Karl just wrote about CNET, a once-vaunted resource for tech journalism, absolutely stepping on every rake it could find by using AI-generated content that was absolutely laughable: the content tended to be inaccurate, plagiarized, or otherwise so full of mistakes that an army of editors had to rework the content, largely wiping away any cost savings the site was hoping to achieve. Good times all around.

Now, while it’s difficult to pin this down completely, it sure looks like Sports Illustrated is going down the same path. At the same time that Arena Group, the parent company for SI and Men’s Journal, announced that it was going to embrace AI-created content, SI is also laying off more wetware-based journalists.

“After seven and a half years of writing about the NHL, NBA, NFL, MLB, LPGA, World Cup, Olympics and more, I, too, have been laid off by Sports Illustrated this morning,” rejoined Alex Prewitt, a former senior writer.

According to an internal memo obtained by Awful Announcing, Arena Group has laid off a sizable 17 employees and created 12 openings to “reflect the new needs of the SI business.” (Something tells us those “new needs” might involve accommodating the generative AI the parent company has been brandishing at Men’s Journal.)
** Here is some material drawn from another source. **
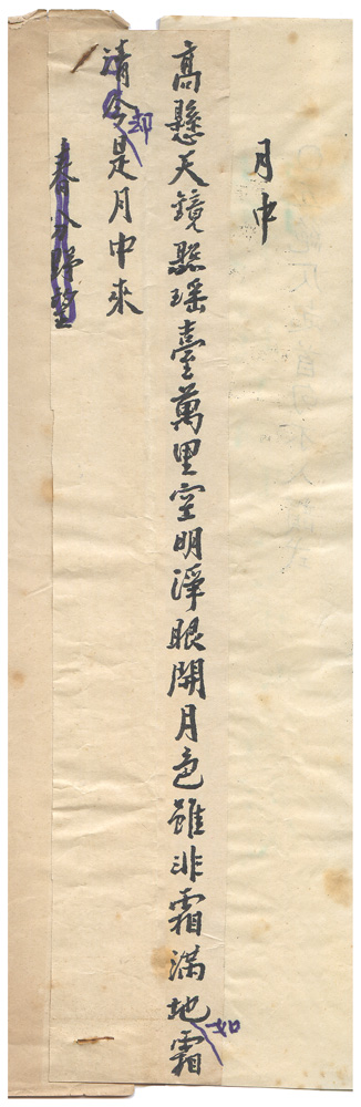 描述-摘要 | 高懸天鏡照瑤臺。萬里空明淨眼開。月色雖非霜滿地。如霜却是月中來。 |

The state of American journalism is nothing more than an absolute travesty. The complete lack of value media companies and, to some extent the public, have placed in having real, professional, and human journalists is mindboggling. There is less local journalism now per capita than there has been for a long, long time. And now national journalism outfits are seeking to outsource journalism to SkyNET? C’mon.

And once again, the output of this AI journalism leaves much to be desired.

And on the accuracy front, Arena Group’s AI-guided dreck isn’t doing any better. Futurism, with the help of a medical expert, found that its very first AI article for Men’s Journal, titled “What All Men Should Know About Low Testosterone,” contained at least 18 factual errors, despite the authoritative tone of its synthesized prose. Not what you’d want out of something that’s supposed to be giving health advice to the site’s vast readership.

In response, the article was hastily and extensively rewritten to account for the inaccuracies. Some still slipped through the cracks.

That didn’t seem to bother Arena, though. A spokesperson from the group stated in a statement provided to Futurism that the company was “confident in the articles.”

Sure, express confidence in your error-riddled word-salads you call journalism. Why not? It’s only the reputation you have with readers, otherwise known as the entire reason you have a business, that we’re talking about here.

To be clear, SI has not yet used AI created content, as far as it has admitted publicly. But these layoffs create a vacuum that has to be filled by someone… or something. Given the route that Arena Group is going with its other properties, that AI is going to be employed here too is, at worst, an educated guess.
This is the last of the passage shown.